ITER neighbour and close partner in fusion research, the CEA-Cadarache nuclear research centre, was established in October 1959. This week, it celebrated the 60th anniversary of its creation. On Monday, the Patrouille de France, the aerobatic demonstration unit of the French Air Force (established in 1953), paid a quick visit to the site, inscribing the autumn sky with its signature plume of blue, white and red smoke. On its way back to its base in Salon-de-Provence, 75 kilometres to the west, the Patrouille flew past ITER, giving the moment a feeling of Bastille Day.

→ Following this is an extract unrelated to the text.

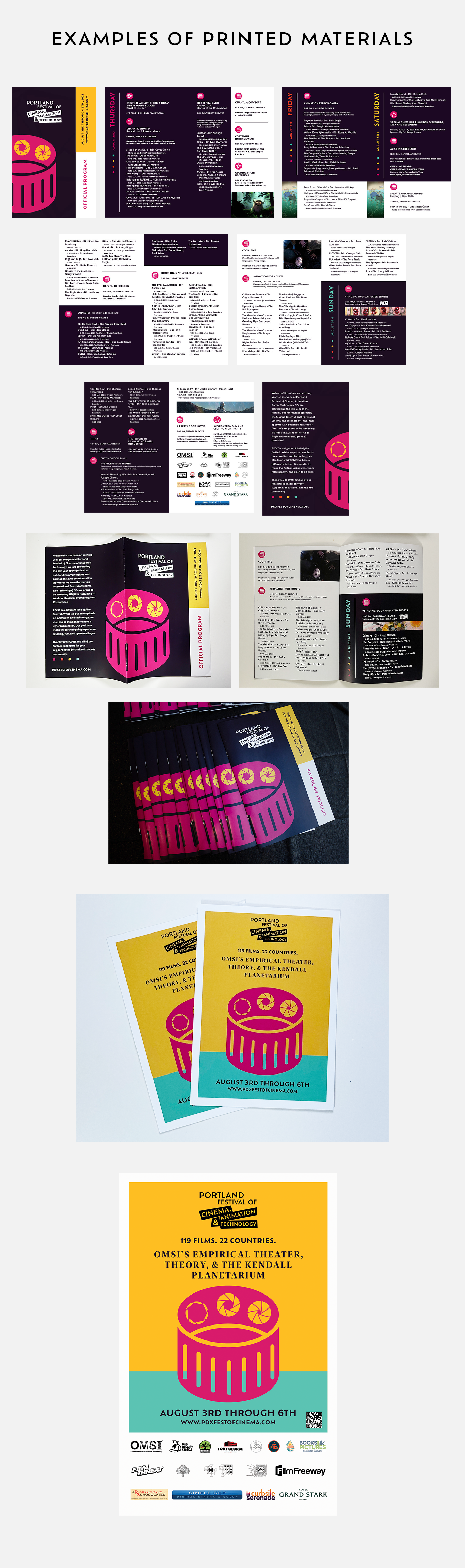 In this project, I created the marketing materials, from web to print, including their logo, for the 2023 "Portland Festival of Cinema, Animation and technology".

In a few decades, when dozen of fusion plants operate throughout the world and the first signs of alien life are detected in a faraway system, one will realize that it all started here, in a small corner of southern France, amidst the rolling hills of Haute-Provence. The ITER site and the Observatoire de Haute-Provence are only 45 kilometres distant. In 1995, two Swiss astronomers, Michel Mayor and Didier Queloz, coupled a highly sophisticated spectroscope to the Observatory's old 1.93-metre telescope (it was installed in 1958!) and discovered the first exoplanet—a 'hot Jupiter' body orbiting the sun-like star 51 Pegasi, 42 light years distant from the Earth. Last week, both Mayor and Queloz (along with astrophysicist James Peebles) were awarded the Nobel Prize in Physics for 'forever changing our conceptions of the world.' By the time the first ITER buildings were coming out of the ground, close to 1,000 exoplanets had been detected. As of today, their number exceeds 4,500. Some of these worlds, made of solid rock like Earth, are orbiting the 'habitable zone' of their star, where temperature allows water to be liquid and where life, whatever its form, is a possibility. At an interval of a few years, on the ITER site and at the Observatoire de Haute-Provence, the seeds were sown for two momentous, game-changing pursuits: the harnessing of fusion energy and the quest for life outside our solar system.